Up in the air? Put on pause? I’d wanted Wendy to come with me, she’d wanted to come with me. But she was into her first year as a Mobile cop and leaving wasn’t a smart move.

“You ran through another one, right?” my brother snickered. “Some things haven’t changed. You still have that ridiculous animal thing?”

“Mr Mix-up is staying in Mobile until I find a permanent place.” The new house seemed quiet without my rambunctious, multi-variety canine companion.

“So tell me about where you’re living,” Jeremy said. “Paint me a picture.”

Jeremy was calming down. He knew my new position on the planet and was programming it into his mind. I spent several minutes detailing the land and my immediate neighborhood, ending with a description of Dubois Burnside.

“It sounds like your dream home, Carson. Right down to having a corpse-dresser next door. You’re intending to buy the place?”

“Too expensive. Especially since I’m keeping the Dauphin Island house. I rent to tourists for a grand a week in season, eight in the off. The firm handling the rentals thinks I can keep it occupied two-thirds of the year.”

A pause as Jeremy absorbed the information and processed it through his fiscal mechanisms. “An income stream, then? Yes … that works. But it’s not enough to buy your little Eden in the Keys?”

“Not by a long shot.”

My brother understood finances, as he had turned to making money as a new endeavor. Three years ago, after a period of intense study of the stock market, he claimed the market had but two true states, blustering drunkard or scared child. Jeremy claimed gobbets of profit from this insight and I believed him, money too trivial for my brother’s lies. The stock market was simply a hobby at which his brilliant but unconventional mind excelled.

He leaned close to his camera, his face filling my screen. “I’ve got more goddamn lucre than I know what to do with, Carson. I can’t buy a Maserati, I can’t build a distinctive abode, I can’t do anything fun without calling attention to myself, which I mustn’t do, lest the constabulary take an interest in my existence. I’ll give you the money.”

“I thank you for your offer, Jeremy. But I prefer to make my own money, just like you do. Secondly, you can’t simply give me money. It would have to be reported.”

He stared at me for a long moment. “This event has been hard on me, Carson. Not knowing where you were. I realize I should see you more.” There was a strange flicker of mirth in his voice.

“What do you mean?” I asked.

He touched his mouse and disappeared.





16





Monday morning I met Gershwin at a Mexican restaurant on the southern edge of Miami, anxious to brainstorm more on the Carosso connection, our only solid lead.

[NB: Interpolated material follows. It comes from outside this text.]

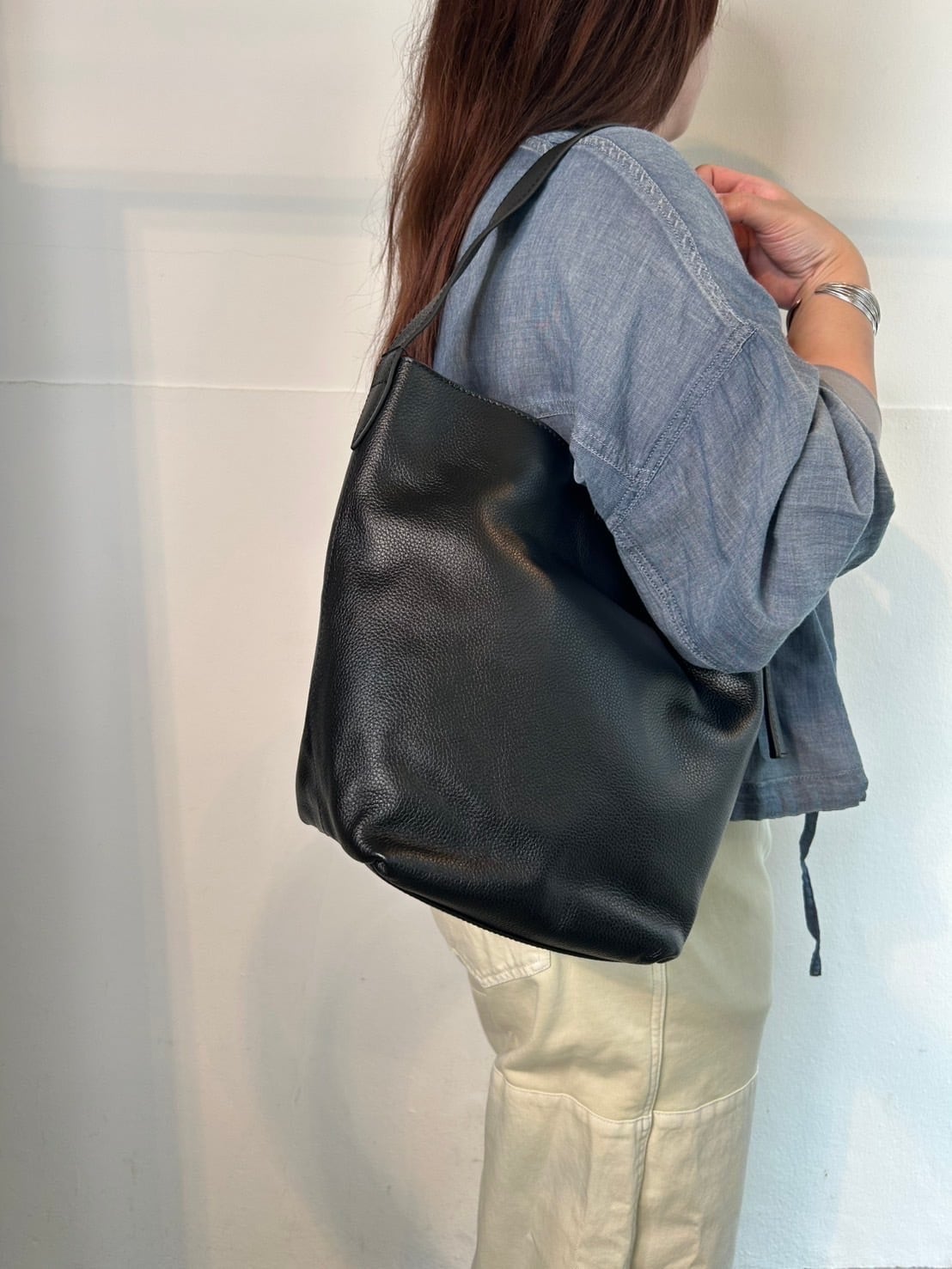 ミディアムサイズは肩から掛けれるハンドルの長さでもちやすく、幅広いスタイリングにマッチします。素材には上質なシュリンクレザーを採用し、本革のならでは魅力を味合うことができます。内ポケット:ジップポケット×1 オープンポケット×1

“You figure Carosso did something weird with the concrete load?” Gershwin said, ladling salsa verde over huevos rancheros. “That was why he was so hinky-dinky?”

“He might have actually done as he said, dumped it. Or diverted the concrete to some site where he got paid for the load. He was afraid of being fired for stealing ’crete. He might not have a thing to do with the murders.”

“How about we add pressure anyway?”

A Redi-flow dispatcher told us today was Carosso’s off day and we were at his door in twenty minutes. “I hope the guy’s taken a shower since Friday,” Gershwin said. “It was like standing beside a rotting mule.”